=== Exercise inputs ===
^^^^

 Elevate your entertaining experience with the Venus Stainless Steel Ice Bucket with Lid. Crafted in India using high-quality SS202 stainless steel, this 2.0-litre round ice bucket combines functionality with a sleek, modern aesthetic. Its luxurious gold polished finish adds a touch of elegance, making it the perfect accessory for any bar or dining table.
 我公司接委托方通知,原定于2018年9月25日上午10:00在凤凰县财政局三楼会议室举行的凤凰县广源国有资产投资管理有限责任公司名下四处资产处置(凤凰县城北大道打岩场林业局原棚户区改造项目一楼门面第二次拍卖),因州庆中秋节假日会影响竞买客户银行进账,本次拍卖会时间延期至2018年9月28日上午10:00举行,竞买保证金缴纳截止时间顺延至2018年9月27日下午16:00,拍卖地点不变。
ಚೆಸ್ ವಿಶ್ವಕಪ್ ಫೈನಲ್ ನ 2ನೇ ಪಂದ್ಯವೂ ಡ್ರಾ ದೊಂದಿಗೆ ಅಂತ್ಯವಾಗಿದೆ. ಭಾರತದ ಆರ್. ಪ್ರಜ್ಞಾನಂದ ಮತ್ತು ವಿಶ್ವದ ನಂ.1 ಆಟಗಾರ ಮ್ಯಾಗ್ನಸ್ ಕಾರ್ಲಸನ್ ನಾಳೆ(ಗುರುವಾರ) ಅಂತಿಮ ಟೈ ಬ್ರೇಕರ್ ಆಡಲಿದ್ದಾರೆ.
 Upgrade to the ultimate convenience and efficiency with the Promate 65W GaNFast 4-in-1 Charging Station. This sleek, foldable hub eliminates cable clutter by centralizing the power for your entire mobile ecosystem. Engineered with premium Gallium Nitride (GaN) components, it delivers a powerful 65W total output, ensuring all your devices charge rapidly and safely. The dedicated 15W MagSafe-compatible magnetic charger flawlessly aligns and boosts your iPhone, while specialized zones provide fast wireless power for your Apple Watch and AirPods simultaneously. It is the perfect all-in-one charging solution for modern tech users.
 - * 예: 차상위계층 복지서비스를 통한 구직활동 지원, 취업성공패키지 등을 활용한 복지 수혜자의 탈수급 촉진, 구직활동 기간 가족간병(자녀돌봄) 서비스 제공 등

^^^^

=== Task instructions ===
Every line from the one containing "ಚೆಸ್ ವಿಶ್ವಕಪ್ ಫೈನಲ್" to the final line of the listing above should be set down exactly, with nothing added.

=== Output for this task ===
ಚೆಸ್ ವಿಶ್ವಕಪ್ ಫೈನಲ್ ನ 2ನೇ ಪಂದ್ಯವೂ ಡ್ರಾ ದೊಂದಿಗೆ ಅಂತ್ಯವಾಗಿದೆ. ಭಾರತದ ಆರ್. ಪ್ರಜ್ಞಾನಂದ ಮತ್ತು ವಿಶ್ವದ ನಂ.1 ಆಟಗಾರ ಮ್ಯಾಗ್ನಸ್ ಕಾರ್ಲಸನ್ ನಾಳೆ(ಗುರುವಾರ) ಅಂತಿಮ ಟೈ ಬ್ರೇಕರ್ ಆಡಲಿದ್ದಾರೆ.
 Upgrade to the ultimate convenience and efficiency with the Promate 65W GaNFast 4-in-1 Charging Station. This sleek, foldable hub eliminates cable clutter by centralizing the power for your entire mobile ecosystem. Engineered with premium Gallium Nitride (GaN) components, it delivers a powerful 65W total output, ensuring all your devices charge rapidly and safely. The dedicated 15W MagSafe-compatible magnetic charger flawlessly aligns and boosts your iPhone, while specialized zones provide fast wireless power for your Apple Watch and AirPods simultaneously. It is the perfect all-in-one charging solution for modern tech users.
 - * 예: 차상위계층 복지서비스를 통한 구직활동 지원, 취업성공패키지 등을 활용한 복지 수혜자의 탈수급 촉진, 구직활동 기간 가족간병(자녀돌봄) 서비스 제공 등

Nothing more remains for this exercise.